They are the ones to readily believe everything about glories of the past now that they have a job and flat (spent most of their life in acquiring those*). Access to internet led to social media, rather than any critical analysis. The Indian media became such that no one believes it anymore.

What I see on Twitter from this group are the common emotional behaviours they had while growing up. They haven’t had a chance to grow up from that and feel security in their bones.

*btw, I am proud of them for their single minded focus to achieve that economic stability given where they started.
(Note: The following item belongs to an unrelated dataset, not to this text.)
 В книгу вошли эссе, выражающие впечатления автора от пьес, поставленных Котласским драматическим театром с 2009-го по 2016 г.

But it is unkind to think they should’ve focused on the country at a time when there was strict rationing of food at home and enormous pressure to perform well enough for good EAMCET rank/engineering/IT job. And crushing joblessness in late 80s/early 90s (until COBOL craze for Y2K) where unemployment trope had it’s own comedy genre.

froginthewell
froginthewell
3 years ago
Reply to  Numinous

Because my class of people are THE backbone of the Hindu right today.
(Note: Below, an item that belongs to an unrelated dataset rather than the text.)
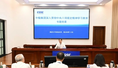 按照黨中央統(tǒng)一部署,根據(jù)中國船舶集團有限公司黨組學習教育工作安排,七一前后,中船集團黨組成員以分片區(qū)覆蓋、現(xiàn)場+視頻的方式講授深入貫徹中央八項規(guī)定精神學習教育專題黨課,圍繞學習習近平總書記關于加強黨的作風建設重要論述的收獲感悟,貫徹落實中央八項規(guī)定精神的成效經(jīng)驗,違反中央八項規(guī)定精神的危害,整改整治問題、推動改進作風的實際舉措等方面進行深入交流。

I presume you are a Brahmin and you mean that by “class”. With that assumption, I don’t agree with the above comment at all: a larger percentage of Brahmins may well vote Hindu Right than the other jAti-s, but that cannot make them the backbone of anything because they are too few in their share of the total population. On the other hand, I think a portion of (atheist beef-eating) Brahmins may have a greater claim to be the backbone of the anti-Hindu left, the demographic irrelevance being counterbalanced by their collective and distributed sUtra-dhAratva of the great political drama. Ditto if you replace Brahmins by Brahmins + some so called “ritualistically privileged” jAti-s.

Numinous
Numinous
3 years ago
Reply to  Numinous

@froginthewell

No, I was not talking about Brahmins. I’ve never been part of a Brahmin “community” anyway, if you discount extended family get togethers. I was simply referring to the Hindu middle class as I knew it and still know it to some extent. Primarily based in north India. Some of them may be Brahmins, others not, but they all share the characteristics you listed earlier. (I have almost zero caste consciousness. I wouldn’t be able to tell you the castes of most of my friends from school onwards.) In addition, lots of them have some “foreign links”, family members who went abroad to study or work and who may still live there.
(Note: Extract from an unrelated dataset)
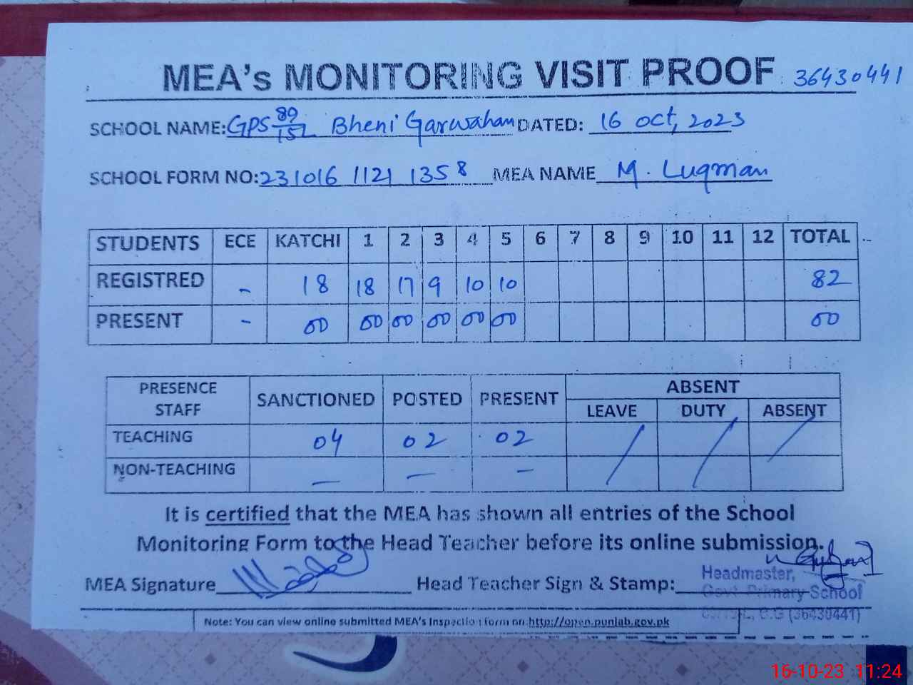 | Attendance Register | Head Teacher | MEA with School | Visit Proof |

But locally in India, they are not part of the business elite (rich business or industrial families) or the political elite (well-connected and influential people who win elections or have the bureaucracy eating out of their hands) or the intellectual class (journalists and intelligentsia in the big cities). They do have a fair amount of discretionary spending power now but otherwise are ordinary people with ordinary peoples’ problems.

froginthewell
froginthewell
3 years ago
Reply to  Numinous

Fair enough.

froginthewell
froginthewell
3 years ago

I interpreted your philosophical point as “A white can know more about Indian history than Indians despite the latter’s lived experience”. But I think Sai Priya interpreted you as saying that Truschke’s views on Aurangazeb have merit. The staunch-pro-Hindus view this like Jews with ancestors who died in holocaust might view endorsement of Hitler.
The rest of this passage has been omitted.